**What the task requires**
Copy every line of the listing that holds the string "thin".
::::
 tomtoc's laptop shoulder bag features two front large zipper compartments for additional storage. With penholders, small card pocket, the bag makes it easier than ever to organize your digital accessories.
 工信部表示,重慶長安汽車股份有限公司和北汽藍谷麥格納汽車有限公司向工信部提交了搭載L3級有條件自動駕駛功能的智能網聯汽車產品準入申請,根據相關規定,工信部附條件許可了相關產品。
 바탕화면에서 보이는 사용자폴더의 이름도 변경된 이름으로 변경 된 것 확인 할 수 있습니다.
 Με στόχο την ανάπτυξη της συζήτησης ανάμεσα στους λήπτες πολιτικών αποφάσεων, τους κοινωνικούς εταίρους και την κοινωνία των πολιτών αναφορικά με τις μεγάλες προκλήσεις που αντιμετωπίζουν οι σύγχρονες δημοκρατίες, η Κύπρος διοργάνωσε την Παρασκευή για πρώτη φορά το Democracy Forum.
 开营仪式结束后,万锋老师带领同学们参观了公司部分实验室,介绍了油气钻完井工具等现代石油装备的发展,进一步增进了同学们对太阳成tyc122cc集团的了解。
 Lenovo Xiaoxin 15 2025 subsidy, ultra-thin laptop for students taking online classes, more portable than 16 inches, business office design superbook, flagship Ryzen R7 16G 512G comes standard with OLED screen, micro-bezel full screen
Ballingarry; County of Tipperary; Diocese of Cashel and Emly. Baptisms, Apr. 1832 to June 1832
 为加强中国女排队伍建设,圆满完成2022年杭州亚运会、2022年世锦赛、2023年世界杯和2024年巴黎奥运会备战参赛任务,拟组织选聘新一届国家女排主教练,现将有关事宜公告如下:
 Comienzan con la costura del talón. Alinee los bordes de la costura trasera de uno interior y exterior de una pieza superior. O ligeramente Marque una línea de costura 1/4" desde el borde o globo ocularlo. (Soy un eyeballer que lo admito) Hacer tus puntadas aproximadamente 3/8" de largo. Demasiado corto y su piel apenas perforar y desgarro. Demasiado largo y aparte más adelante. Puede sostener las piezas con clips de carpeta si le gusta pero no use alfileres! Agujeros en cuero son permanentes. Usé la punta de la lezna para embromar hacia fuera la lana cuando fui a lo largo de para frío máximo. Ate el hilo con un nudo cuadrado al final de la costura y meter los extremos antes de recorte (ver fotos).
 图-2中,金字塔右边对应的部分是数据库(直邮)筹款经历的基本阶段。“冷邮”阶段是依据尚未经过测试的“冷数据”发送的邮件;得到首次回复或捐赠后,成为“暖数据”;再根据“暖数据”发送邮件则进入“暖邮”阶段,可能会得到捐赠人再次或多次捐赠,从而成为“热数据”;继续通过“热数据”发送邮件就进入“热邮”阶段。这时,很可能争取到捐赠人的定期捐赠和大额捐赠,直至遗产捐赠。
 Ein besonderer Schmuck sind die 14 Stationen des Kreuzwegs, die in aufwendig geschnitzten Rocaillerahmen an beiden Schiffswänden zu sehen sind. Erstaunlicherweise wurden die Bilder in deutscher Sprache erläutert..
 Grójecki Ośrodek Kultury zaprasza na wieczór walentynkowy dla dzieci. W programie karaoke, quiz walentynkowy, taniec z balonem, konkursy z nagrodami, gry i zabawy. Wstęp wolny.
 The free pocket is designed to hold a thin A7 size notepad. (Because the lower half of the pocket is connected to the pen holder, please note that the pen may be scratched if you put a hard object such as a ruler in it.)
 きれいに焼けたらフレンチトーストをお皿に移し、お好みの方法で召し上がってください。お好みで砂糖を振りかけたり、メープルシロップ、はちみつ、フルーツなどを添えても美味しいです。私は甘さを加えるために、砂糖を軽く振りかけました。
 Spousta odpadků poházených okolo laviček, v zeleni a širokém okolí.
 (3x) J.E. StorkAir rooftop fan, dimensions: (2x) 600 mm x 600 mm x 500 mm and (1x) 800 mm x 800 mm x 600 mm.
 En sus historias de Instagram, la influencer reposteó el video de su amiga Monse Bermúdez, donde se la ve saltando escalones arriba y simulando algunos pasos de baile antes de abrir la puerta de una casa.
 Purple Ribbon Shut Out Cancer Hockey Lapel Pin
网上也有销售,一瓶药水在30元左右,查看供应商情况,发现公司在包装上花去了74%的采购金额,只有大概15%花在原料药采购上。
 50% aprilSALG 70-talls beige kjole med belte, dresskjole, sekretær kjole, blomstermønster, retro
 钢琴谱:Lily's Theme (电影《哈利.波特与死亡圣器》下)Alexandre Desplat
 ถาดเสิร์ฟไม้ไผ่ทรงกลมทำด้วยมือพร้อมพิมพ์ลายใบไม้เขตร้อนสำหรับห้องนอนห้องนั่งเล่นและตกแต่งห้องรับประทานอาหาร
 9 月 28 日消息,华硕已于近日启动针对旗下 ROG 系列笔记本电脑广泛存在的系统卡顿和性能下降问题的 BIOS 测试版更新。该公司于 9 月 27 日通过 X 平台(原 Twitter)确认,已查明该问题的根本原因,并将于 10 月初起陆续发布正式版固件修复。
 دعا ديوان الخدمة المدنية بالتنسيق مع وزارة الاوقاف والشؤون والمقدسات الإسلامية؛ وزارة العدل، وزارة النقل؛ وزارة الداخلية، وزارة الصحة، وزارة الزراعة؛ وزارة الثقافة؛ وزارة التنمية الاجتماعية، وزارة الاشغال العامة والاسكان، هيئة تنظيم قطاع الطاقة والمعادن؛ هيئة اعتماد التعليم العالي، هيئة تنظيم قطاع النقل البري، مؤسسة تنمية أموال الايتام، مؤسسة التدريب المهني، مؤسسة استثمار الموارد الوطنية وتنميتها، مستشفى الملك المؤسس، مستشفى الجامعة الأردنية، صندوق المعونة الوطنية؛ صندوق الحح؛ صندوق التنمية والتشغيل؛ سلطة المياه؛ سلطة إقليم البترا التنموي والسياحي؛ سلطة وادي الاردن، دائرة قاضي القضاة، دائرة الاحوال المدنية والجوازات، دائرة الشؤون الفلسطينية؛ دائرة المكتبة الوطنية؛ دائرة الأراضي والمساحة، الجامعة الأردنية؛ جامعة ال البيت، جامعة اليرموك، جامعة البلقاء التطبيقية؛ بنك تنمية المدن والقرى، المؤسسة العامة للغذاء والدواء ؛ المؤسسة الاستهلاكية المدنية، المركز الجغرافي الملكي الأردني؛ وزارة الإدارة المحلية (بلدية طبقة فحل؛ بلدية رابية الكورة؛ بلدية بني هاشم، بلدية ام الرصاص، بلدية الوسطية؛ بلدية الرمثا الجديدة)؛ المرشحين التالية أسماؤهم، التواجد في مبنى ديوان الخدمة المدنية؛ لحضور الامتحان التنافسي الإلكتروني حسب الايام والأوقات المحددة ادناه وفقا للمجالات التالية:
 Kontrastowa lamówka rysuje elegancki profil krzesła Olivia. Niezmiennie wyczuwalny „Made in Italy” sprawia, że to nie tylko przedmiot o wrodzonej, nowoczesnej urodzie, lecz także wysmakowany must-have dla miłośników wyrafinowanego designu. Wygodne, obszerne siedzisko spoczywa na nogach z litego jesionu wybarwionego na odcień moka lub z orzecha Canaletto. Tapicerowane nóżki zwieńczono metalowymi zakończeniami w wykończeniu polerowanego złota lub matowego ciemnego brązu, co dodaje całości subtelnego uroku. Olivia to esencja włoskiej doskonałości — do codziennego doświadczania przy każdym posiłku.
::::
**Response for this exercise**
 Lenovo Xiaoxin 15 2025 subsidy, ultra-thin laptop for students taking online classes, more portable than 16 inches, business office design superbook, flagship Ryzen R7 16G 512G comes standard with OLED screen, micro-bezel full screen
 The free pocket is designed to hold a thin A7 size notepad. (Because the lower half of the pocket is connected to the pen holder, please note that the pen may be scratched if you put a hard object such as a ruler in it.)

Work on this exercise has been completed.